06-07-2018, 20:32
Babası 'Çılgın Otto' tarafından, ahlakı bozuk amcası Leopold'un yükselişini engellemek için karanlık yabancı Vlad ile alelacele bir şekilde evlendirilen Isabella kısa süre içinde, yalnızca bir isim almaktan çok öte bir şekilde tam bir von Carstein'a dönüştü. Zaten narsist, mağrur ve son derece ahlaksız olduğundan, Sylvania tahtının varisi pek çok açıdan Kan Öpücüğü için ideal bir adaydı. Başka taliplerinin tiksindirici, söz bozan nitelikleri olabilirdi, ancak Vlad von Carstein için bunların hiçbiri söylenemezdi.
Isabella'ya göre bu evlilik ilk başlarda tamamen çıkarlar için münasip görülen bir eylem olsa da, aylar geçtikçe, Isabella'nın tılsımlara karşı sahip olduğu doğal direnç, Vlad'in solgun gelinine büyük bir aşkla bağlanmasına sebep oldu ve Isabella da kocasına tutuldu. Vlad her ne kadar eşinin Kan Öpücüğü'nün tadına bakmaya dair taleplerine karşı gelmeye çalışmış olsa da, soğuk bir güzelliğe sahip yeni eşi korkunç, soldurucu bir hastalıkla ölümün tehdidi altına girdiğinde, onu Ölümden Döndürmeye zorlandı. Onsuz olmayacağını anladığında, Vlad ölmekte olan Isabella'ya çok arzuladığı öpücüğü verdi ve onu Geceyarısı Aristokrasisi'nin menfur safları arasına kattı.

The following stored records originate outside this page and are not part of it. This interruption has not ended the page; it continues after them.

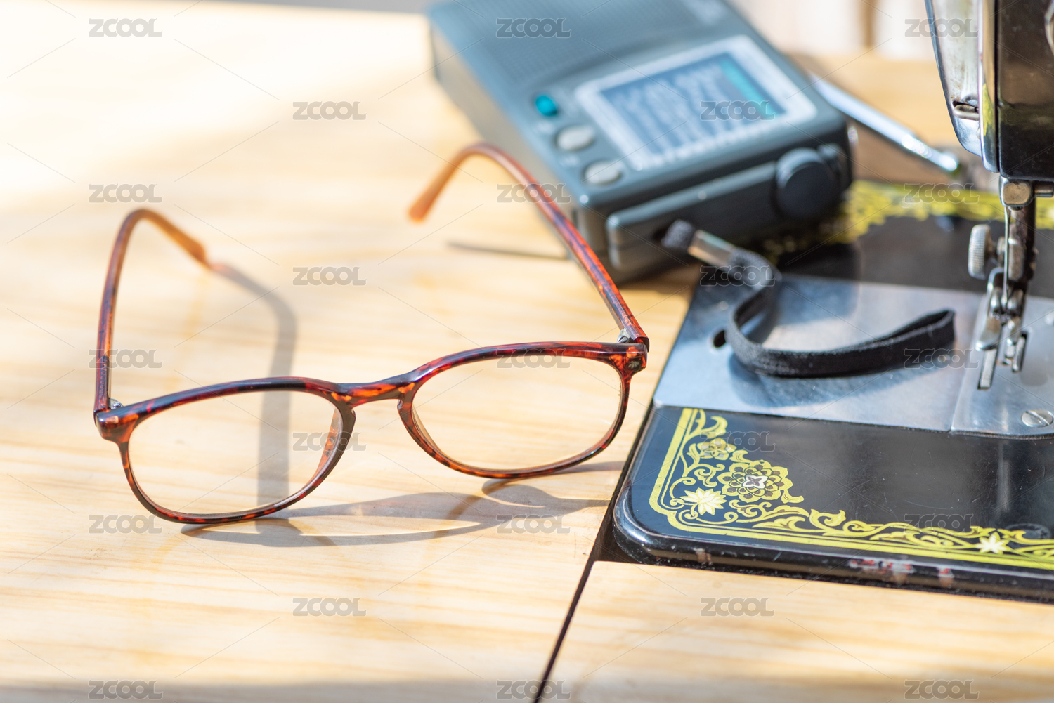 坐在中式庭院中学习使用老式缝纫机的女孩
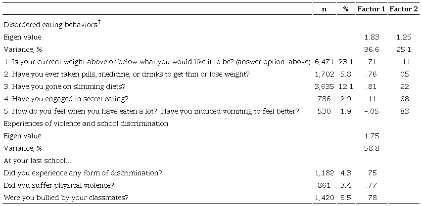 DEBs were evaluated using a five-item scale (Table 1). The response options for the items were yes or no (with a score of zero and one, respectively). The only exception was the first item, which had two options: “above” or “below.” This variable was dichotomized to identify young people who thought their weight was above their ideal. An exploratory factor analysis (Table 1) yielded two factors explaining 53.4% of total variance. Factor 1 was called “restrictive behaviors” and a score was estimated by adding the responses of the variables with high weights in this factor (questions 1, 2, and 3). The second factor had two variables: secret eating and self-induced vomiting. The Alpha Cronbachs on the scale, the restrictive behaviors factor, and the second factor were .56, .60 and .39, respectively. The first factor explained 36.6% of the variance and the second 25.1%. The low internal consistency of the second factor and the fact that it only contained two ítems did not justify creating a composite variable. Each of the variables was therefore separately analyzed.
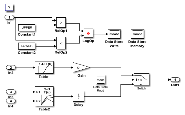 The model contains four inports. In1 is configured to use the storage class ImportFromFile. For this example, you configure the other inports to read data from external code by default. The model also contains state data for the Delay block that you configure to be accessible by external code. When you apply the storage classes ImportFromHeader and ExportToPrivateHeader to the model elements, the generated code conforms to this architecture.
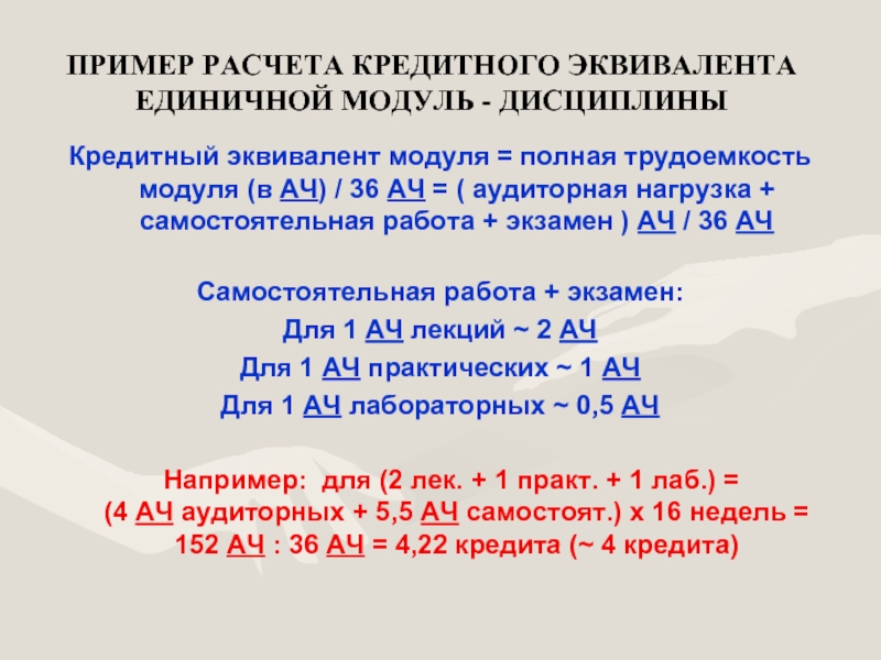 Слайд 13ПРИМЕР РАСЧЕТА КРЕДИТНОГО ЭКВИВАЛЕНТА ЕДИНИЧНОЙ МОДУЛЬ - ДИСЦИПЛИНЫ
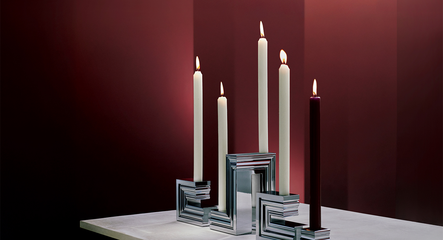 Pour Christofle, l’artiste imagine Perspective, une collection qui déconstruit les moulures traditionnelles pour créer chandeliers, vases et candélabres sculpturaux. Six pièces modulaires s’assemblent au gré des envies, inventant des centres de table déstructurés et modernes. Vendus séparément, ces éléments graphiques libèrent l’imagination et réinventent l’art de la table. Une modularité créative qui fait danser l’orfèvrerie.
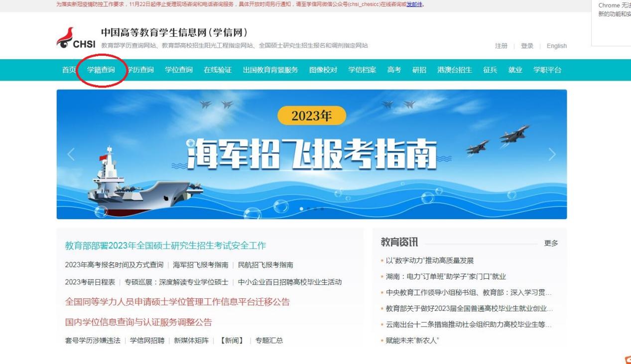 1、输入学信网网址:http://www.chsi.com.cn/,点击学籍学历查询:
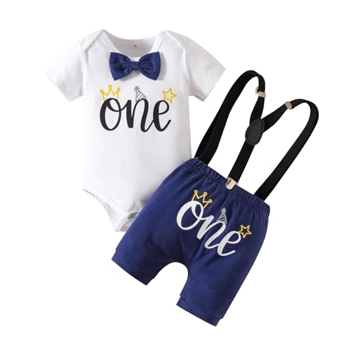 Winmany Bebis pojkar 1:a födelsedagen Outfit Tårta Barn Smash Kläder Kortärmad Sparkdräkt Hängslen Shorts Första Födelsedagen Klädset, Marinblå, 12-18 månader
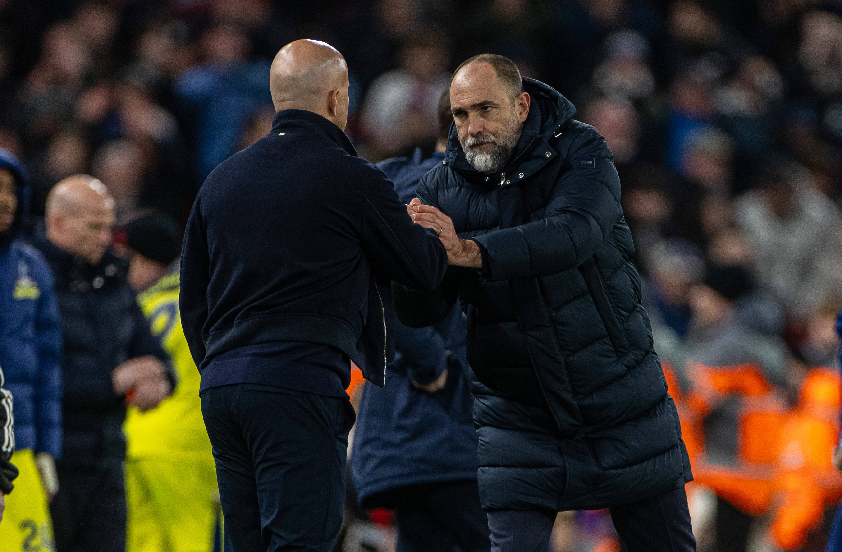 เมื่อวันที่ 15 มีนาคม โค้ชท็อตแนม ทูดอร์ (ขวา) จับมือกับสล็อตโค้ชลิเวอร์พูลหลังเกม สำนักข่าวซินหัว
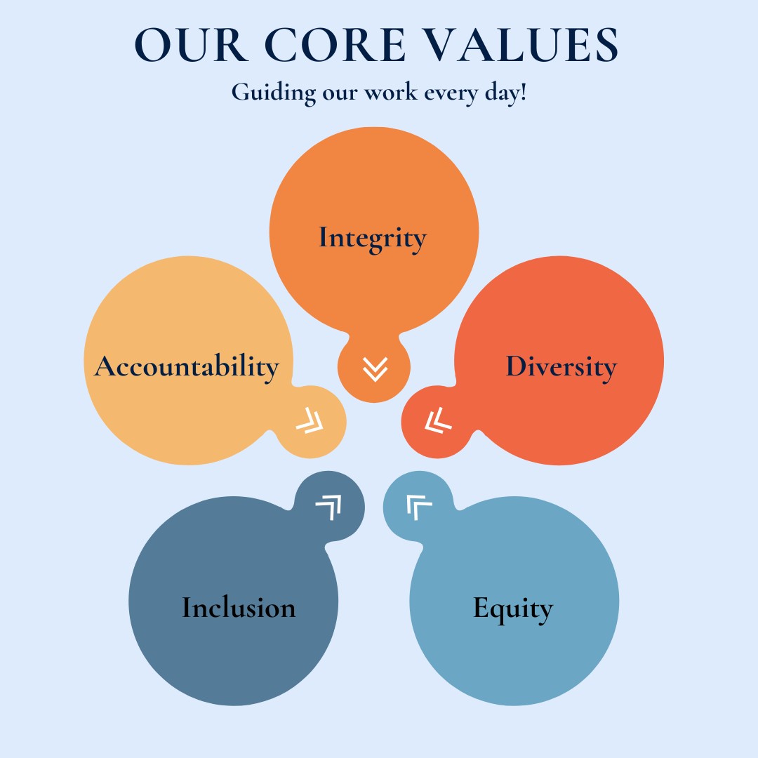 We hold ourselves accountable for advancing Diversity, Equity, and Inclusion (DEI) principles in all aspects of our organization. We track and measure our progress, and we are transparent about our efforts and outcomes. We continuously learn and adapt our strategies to ensure we are making meaningful progress.
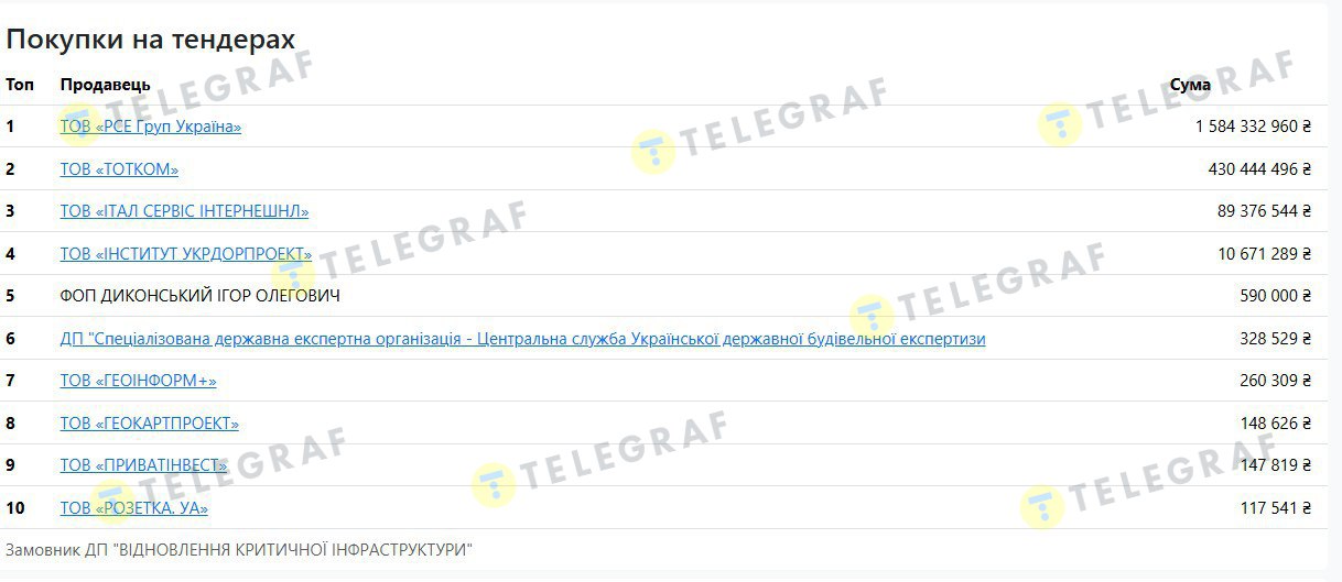 З огляду на критичну важливість генераторного обладнання в умовах постійних обстрілів, що призводять до тривалих відключень електроенергії, дивним виглядає вибір постачальника. Державне підприємство віддає підряди на сотні мільйонів маловідомій компанії без тендерного досвіду. ТОВ "Тотком" з початку 2026 року посідає друге місце серед переможців тенедерів ДП "Відновлення критичної інфраструктури". Більше з бюджету – 1,5 млрд. грн – отримає компанія "РСЕ Груп Україна"
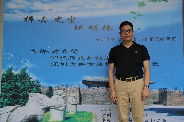 黄文德,我校92级历史系校友。毕业后分配到东山二中从事本专业的历史学科教学。1997年,南下深圳,开始从事文化遗产保护与应用策略研究至今。现任闽南师范大学粤港澳校友会副会长、深圳大鹏古城博物馆副馆长,深圳市大鹏新区文物管理办公室主任、中国科学技术史学会建筑史专业委员会学术委员、深圳市龙岗区政协委员。
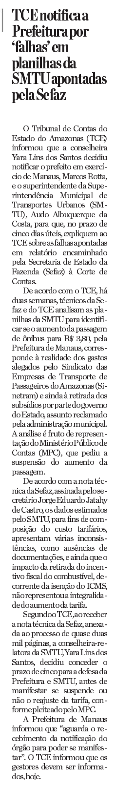 TCE notifica prefeitura por 'falhas' em planilhas da SMTU apontadas pela SEFAZ
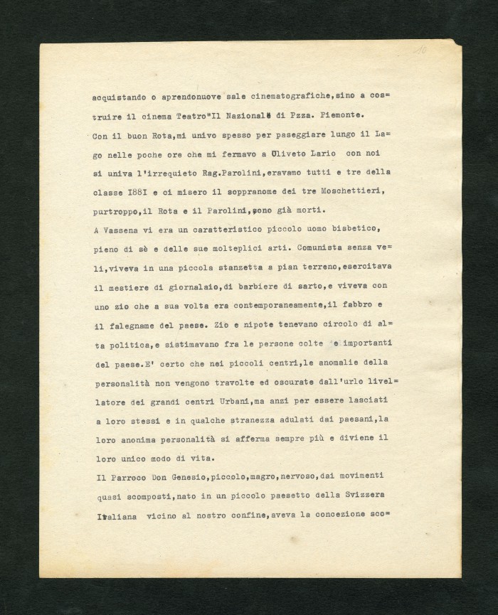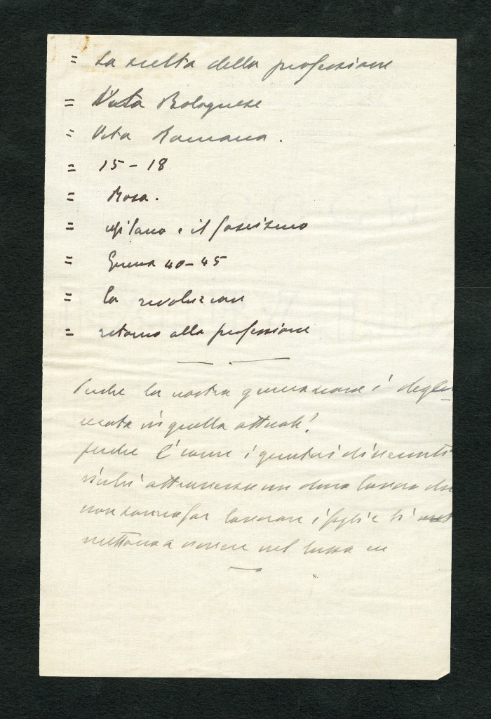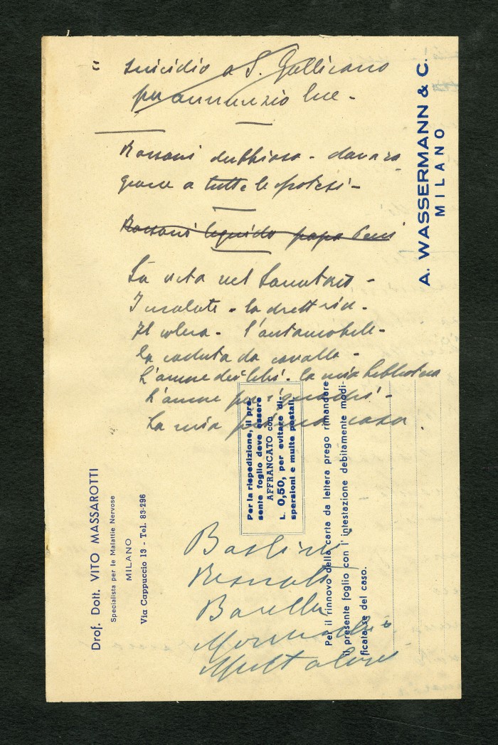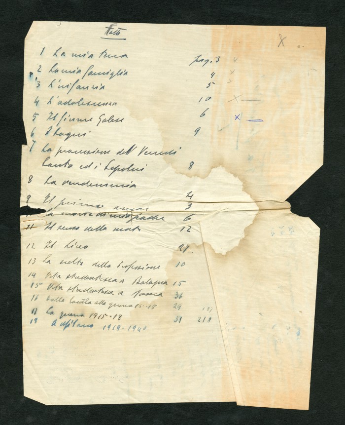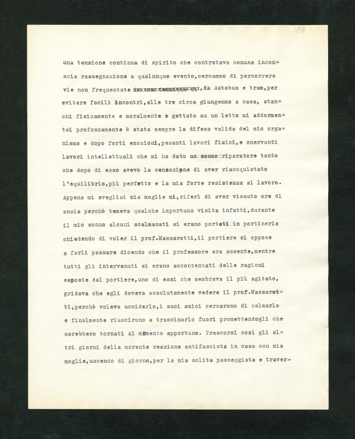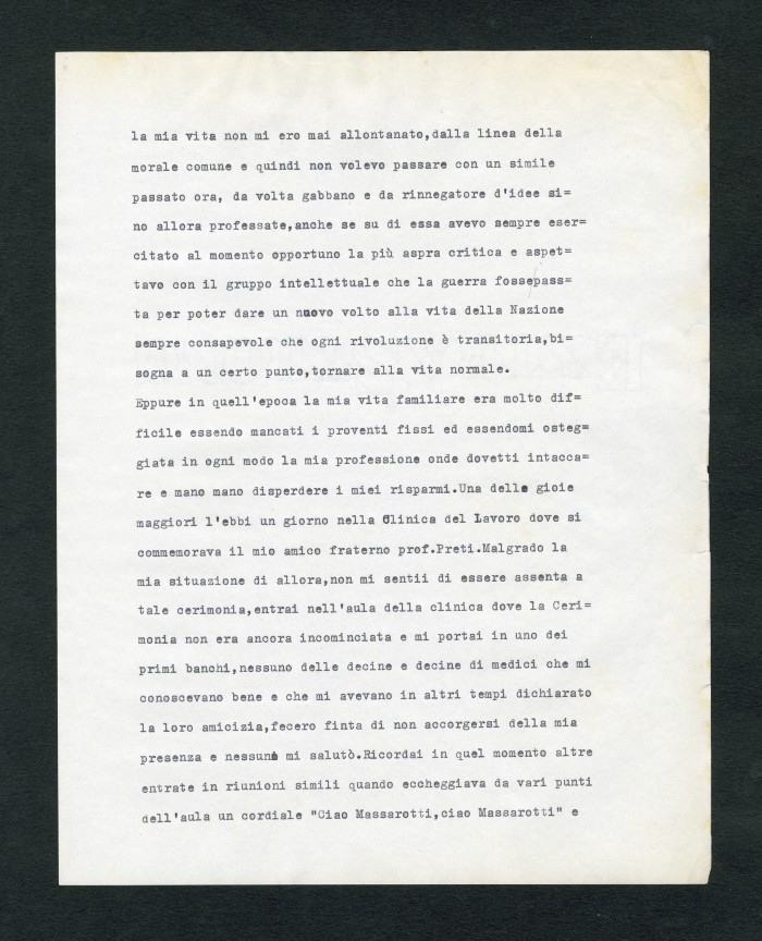 Manoscritto dell'autobiografia inedita di Massarotti, per la quale furono indicati diversi titoli possibili: "La tragedia di un galantuomo", "La vita di un galantuomo", "Riflessi di vita", "Galantuomo e realtà". Il sommario definitivo dei capitoli sembra essere il seguente:
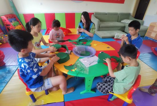 “我貼的是天安門廣場上的正陽門城樓,我以前去過一次,很莊嚴肅穆。”在小朋友們的細心粘貼下,和平鴿、五星紅旗等躍然紙上,訴說著中國的故事。
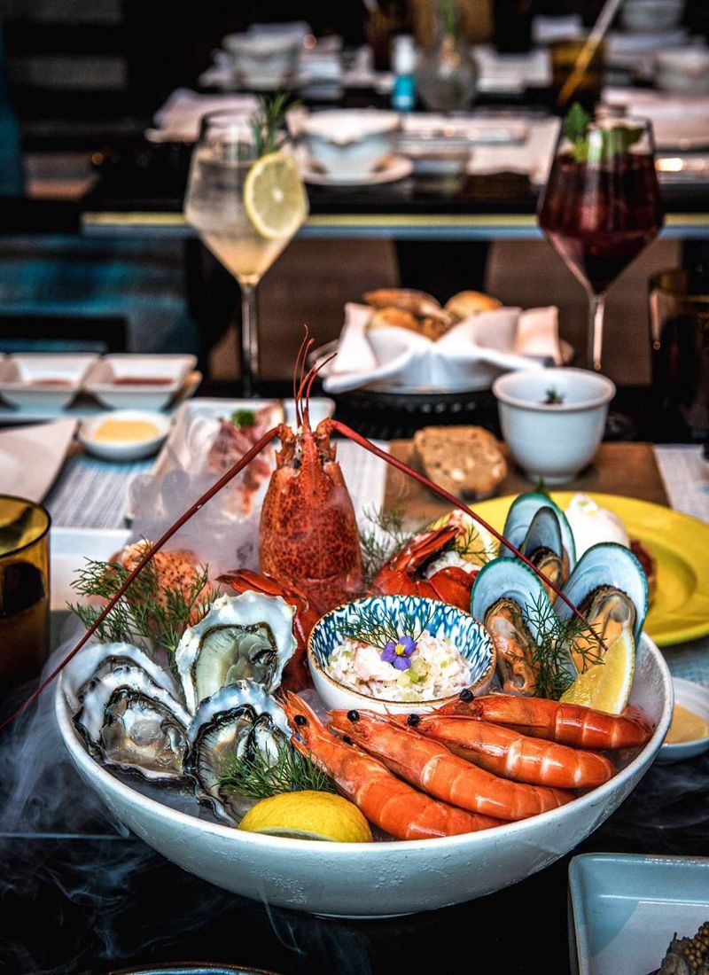 เริ่มต้นมื้ออาหาร ในบรรยากาศสบายๆ ช่วงสายของวันอาทิตย์ ด้วยเมนูจานต้อนรับ ซีฟู้ดแพลตเตอร์ (seafood platter) เสิร์ฟอาหารทะเลรวม 5 ชนิด ประกอบไปด้วย หอยนางรมฝรั่งเศส กุ้งล็อบสเตอร์นำเข้าจากมหาสมุทรแอตแลนติก รีมูเลดปู กุ้งและหอยแมลงภู่นิวซีแลนด์ ตามด้วยเมนูซุปล็อบสเตอร์บิสก์ท็อปด้วยวิบครีมสดเสิร์ฟ ให้อิ่มอร่อยพร้อมกันทั้งโต๊ะอาหาร
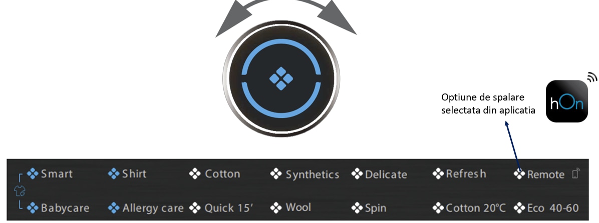 A programválasztót elforgatva állítsa be az anyagok anyagától függően a kívánt mosási opciót. Nem találta meg az Önnek tetsző programot? Állítsa be a „távoli” opciót, és a hOn alkalmazásban biztosan talál egyet.
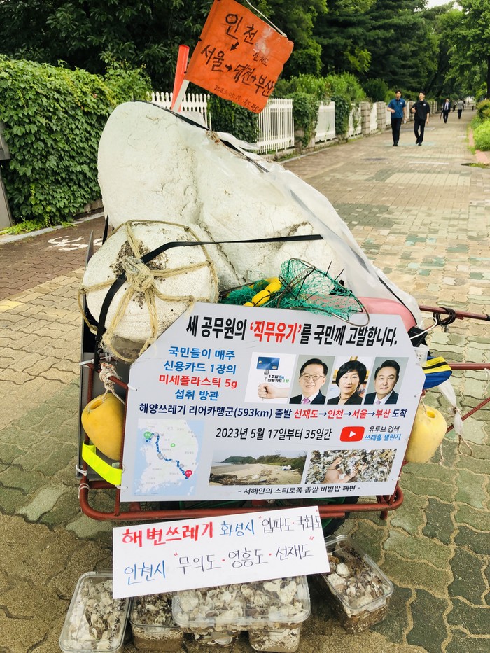 또 '쓰레홈 운동'을 국민적 추진으로 해달라고 코로나 해제되면서 모든 야외 공간마다 쓰레기는 넘치고 함부로 버리는데 시민들이 자신들이 버리는 쓰레기는 집으로 가져가 올바르게 분리수거하자는 취지라고 했다.
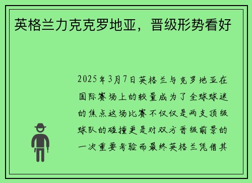 2025年3月7日,英格兰与克罗地亚在国际赛场上的较量成为了全球球迷的焦点。这场比赛不仅仅是两支顶级球队的碰撞,更是对双方晋级前景的一次重要考验。而最终,英格兰凭借其出色的团队协作和关键时刻的表现,以...
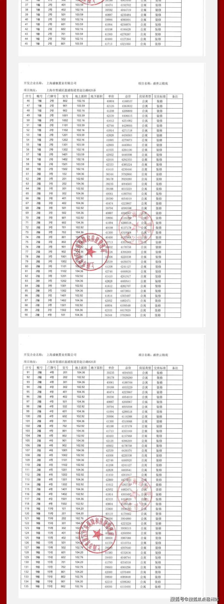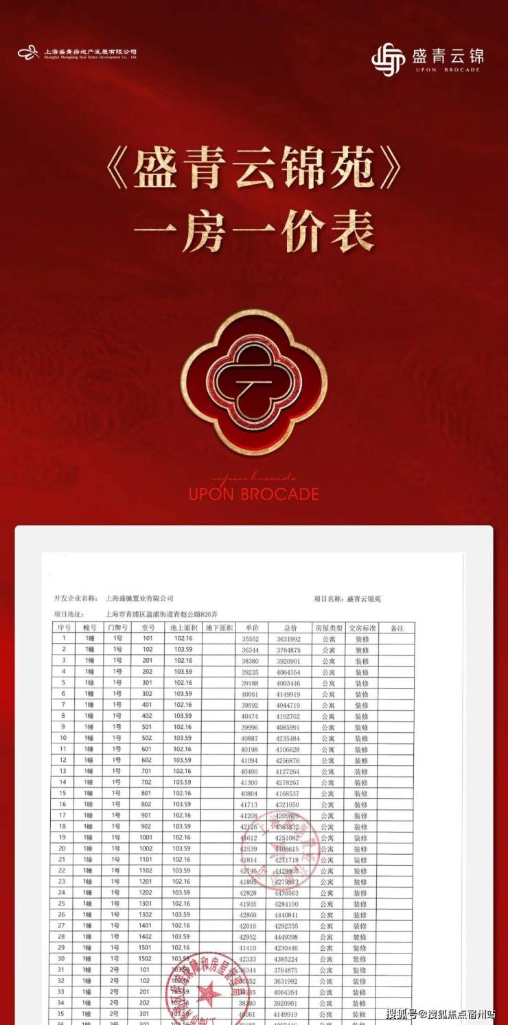 最新消息,一房一价表发布!青浦新城「盛青云锦」建面约103-145㎡三房四房,均价4.45万/㎡!

Bu çift o zamandan beri her daim bir arada kaldı; Vlad'in yanında gururla duran Isabella, onun güce ve İmparatorlukla ötesinde kalan topraklara duyduğu hakimiyet isteğine olan arzusunu kamçıladı. Savaş alanında, birbirlerinin yanında savaşırlarken, her ikisi de birbirinin mevcudiyetinden güç alır. Isabella von Carstein, Bathori'nin Kan Kadehi'ni her daim yanında taşır; kana susamış atasına ait olan ve her zaman taze kanla dolup taşan altın bir kadeh. Arbedenin orta yerinde bile bu sürekli bu kadehten yudumlar alır; kan yaralarını neredeyse anında iyileştirir ve düşmanlarını hayretlere düşürür, ölümcül darbelerin canlarını alması için!